Stuxnet, the world’s first publicly identified cyber superweapon, was unleashed against Iran‘s nuclear fuel-enrichment facility as part of a joint US-Israel cybersabotage operation, according to press reports Friday citing anonymous administration officials.
While it had long been assumed that the US and Israel were the most likely states to have organized such an attack, the implications of pinning responsibility squarely on the two states could be considerable.
The news reports, which seem to remove any fig leaf of plausible deniability, could in the near term undermine ongoing nuclear talks with Iran. It could even provide Iran with internal justification for a cyber counterstrike against the US.
In the longer run, however, it also raises questions about how a US national policy of using powerful digital weapons could impact American security. Of particular concern is the possibility that such attacks could provide a digital copy of the cyberweapon to rogue nations or that hacktivists could reverse-engineer the weapon for use against the power grid or other key US infrastructure.
“Certainly we have thought Stuxnet was very likely to be a US-Israel operation — and that assumption has now turned out to be the case,” says Stewart Baker, a lawyer and former senior official at the National Security Agency and the Department of Homeland Security. “In some ways, I do feel as though we’ve been living in a glass house for years and now we’ve decided we’re going to invent rocks.”
In the New York Times account, the cyberweapon was developed under a program initiated by President George W. Bush. President Obama then gave the go-ahead for a cyberweapon dubbed “the bug” to be unleashed in an attempt to derail Iran’s bid to make nuclear-weapons fuel. The thrust of the account was separately confirmed by administration officials in a Washington Post report Friday.
But in summer 2010, after it became clear to the White House that “the bug” had inadvertently escaped the isolated network of Iran’s Natanz uranium-enrichment plant and spread to computers worldwide, top administration officials held a “tense meeting” in the White House Situation Room, the Times said.
“Should we shut this thing down?” Obama asked, according to sources.
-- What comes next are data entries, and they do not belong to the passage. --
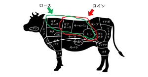 「ロース」とは部位の名前ではなくて、肩ロース、リブロース、サーロイン、そしてヒレの総称です。(※この部位の肉は「牛ロース」と表示できます、という意味です。食肉小売品質基準より)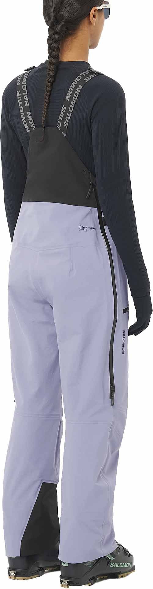 Salopette de ski femme Salomon Absolute Bib Blue Granite/Deep Black, imperméable et respirante avec membrane 3 couches, isolation thermique, technologie AdvancedSkin Dry+ et construction Motion Fit pour liberté de mouvement.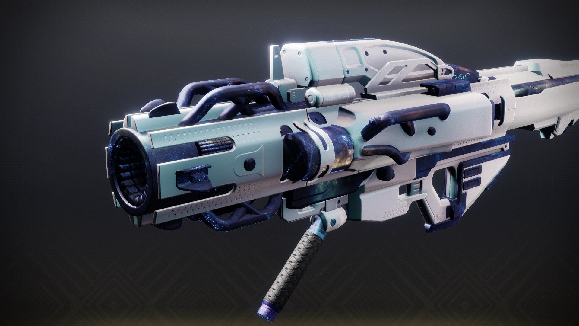 This image is a screenshot of a weapon from the Destiny series of first-person shooter video games developed by Bungie Studios and published by Bungie or Activision. It falls under the screenshot category for a copyrighted computer game or video game, and the copyright for it is most likely held by the company that developed the game. It is believed that the use of a limited number of web-resolution screenshots: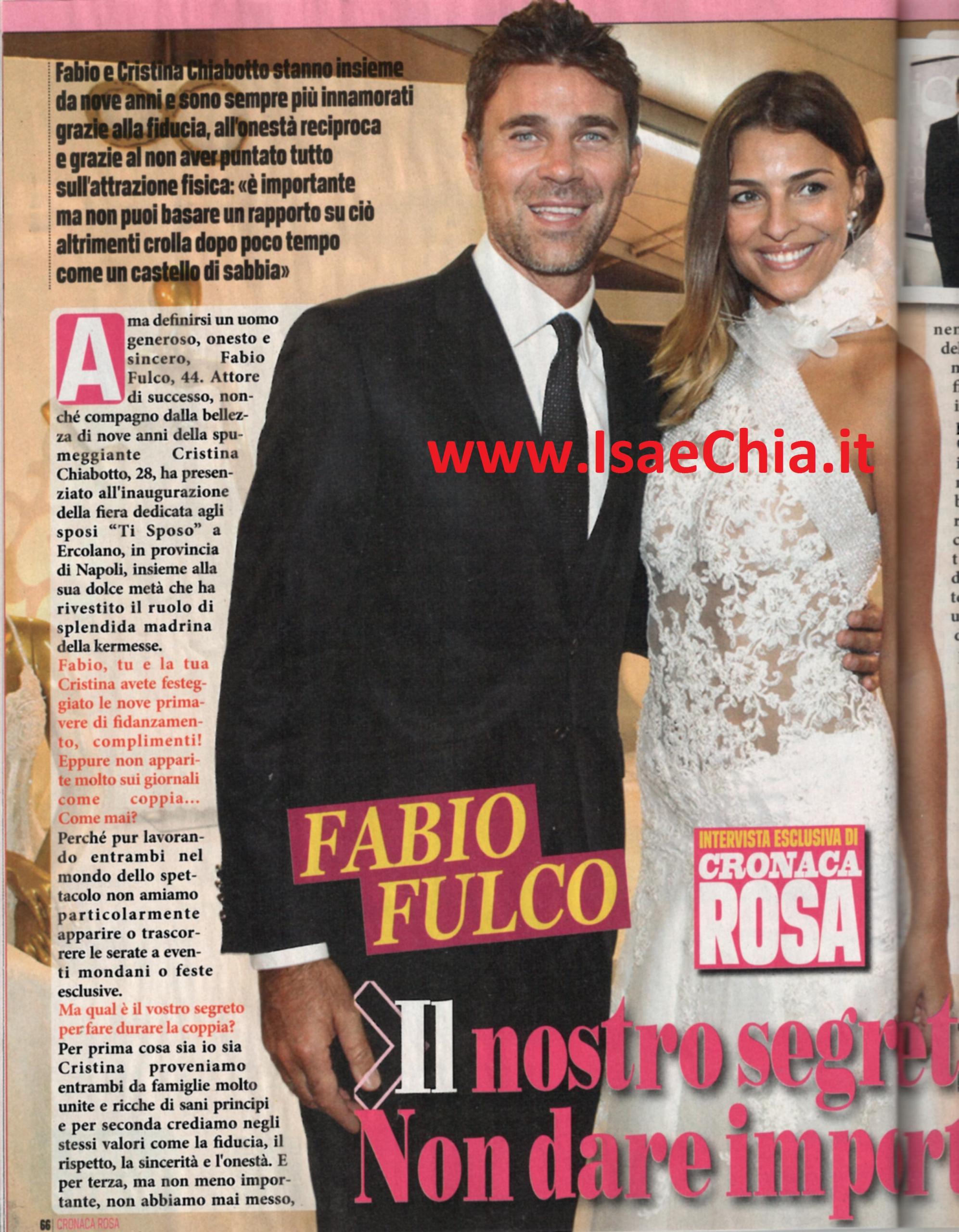 L’attore Fabio Fulco e l’ex Miss Italia Cristina Chiabotto si sono conosciuti nove anni fa a Ballando con le stelle e da allora sono fidanzati. I due sono apparsi raggianti all’evento Ti sposo di Ercolano, dove lei era madrina dell’evento e l’attore di origini napoletane ha spiegato perché non appaiono spesso insieme sui giornali: “Pur lavorando entrambi nel mondo dello spettacolo, non amiamo particolarmente apparire o trascorrere delle serate a eventi mondani e feste esclusive. Il nostro segreto? Innanzitutto entrambi proveniamo da famiglie molto unite, ricche di sani principi e crediamo in valori come fiducia, rispetto, sincerità e onestà. E, importante, non abbiamo mai messo al primo posto l’attrazione fisica, nemmeno all’inizio della nostra storia. Certo, è importante, ma non puoi basare un rapporto su questo, altrimenti il rapporto crolla dopo un po’ come un castello di sabbia. Ci siamo presi di testa. Ogni giorno che passa capisco di più che Cristina è la donna della mia vita e dopo nove anni non ho più dubbi” dice lui. Così, quando gli si chiede se c’è aria di matrimonio, risponde: “Non siamo prossimi, ma è comunque nei nostri progetti. Quando sarà il momento, lo annunceremo. Diventare padre? Sì, ci penso. E lo sarò quando Cristina sarà pronta a diventare madre”. Infine, quando gli si chiede dei progetti lavorativi, svela: “Sto girando A un passo dal cielo, fiction di Rai 1 con Terence Hill. E poi sto lavorando anche all’estero con alcune fiction e alcuni film, ma per ora non dico altro”.

It was unclear how much the Iranians knew about the code, and there was evidence that it was still vexing the Iranians, he was told. “Mr. Obama decided that the cyberattacks should proceed,” the Times reported.
By late summer 2010, cybersecurity companies and the trade press were actively analyzing and debating the purpose of the strange piece of malicious software, dubbed “Stuxnet” after a file name inside the software. On Sept. 21, 2010, Ralph Langner, a German industrial-control systems cybersecurity expert from Hamburg, publicly identified Stuxnet as the world’s first cyberweapon and named its likely target as Iran’s nuclear facilities, as first reported and confirmed with other systems experts by the Monitor. Not long after, he postulated that the US and likely Israel, too, were behind the attacks.
Although Stuxnet is estimated to have eventually destroyed as many as 1,000 high-speed Iranian gas centrifuges designed to enrich uranium, its importance was far larger than that, Mr. Langner warned. It demonstrated that a cyberweapon could physically destroy critical infrastructure, and that process could also work in reverse.
“One important difference between a cyber offensive weapon and some kind of advanced bomb, for example, is that when the bomb blows up you can’t examine or reverse-engineer it,” says Joel Brenner, a former national counterintelligence executive in the Office of the Director of National Intelligence.
“Once you find the malware, on the other hand, once you find the code, you can see how it was done,” he says. “So we are going to see more operations of this kind — and the US’s critical infrastructure is undoubtedly going to be targeted. I still don’t think that the owners and operators of most of that infrastructure understand the gravity of this threat.”
According to the Times, participants in the many Situation Room meetings say Obama “was acutely aware that with every attack he was pushing the United States into new territory, much as his predecessors had with the first use of atomic weapons in the 1940s, of intercontinental missiles in the 1950s and of drones in the past decade. He repeatedly expressed concerns that any American acknowledgment that it was using cyberweapons — even under the most careful and limited circumstances — could enable other countries, terrorists or hackers to justify their own attacks.”
In the end, Obama concluded the US had little choice, the presidential aides told the Times. The alternative could be a nuclear Iran. But the attacks could also provoke Iran to retaliate.
“There are real risks here,” Mr. Baker says. “The most immediate and obvious one is that the Iranians will feel even more motivated to respond in kind. This is not a particularly restrained Iranian administration. It’s used terrorists and terrorist proxies for years. It may feel that [Stuxnet] gives them one free shot at the American industrial-control system of their choice. And the consequences might not be 10 years down the road either. It might be next week.”
Another key takeaway is that cyberwar is unlikely to remain anonymous.
“The world we’re moving into is one where attribution for such attacks will not be a problem,” says James Lewis, director of the Technology and Public Policy Program at the Center for Strategic and International Studies in Washington. “A nation might not be able to block an attack immediately, but you will be able to find out who’s responsible.”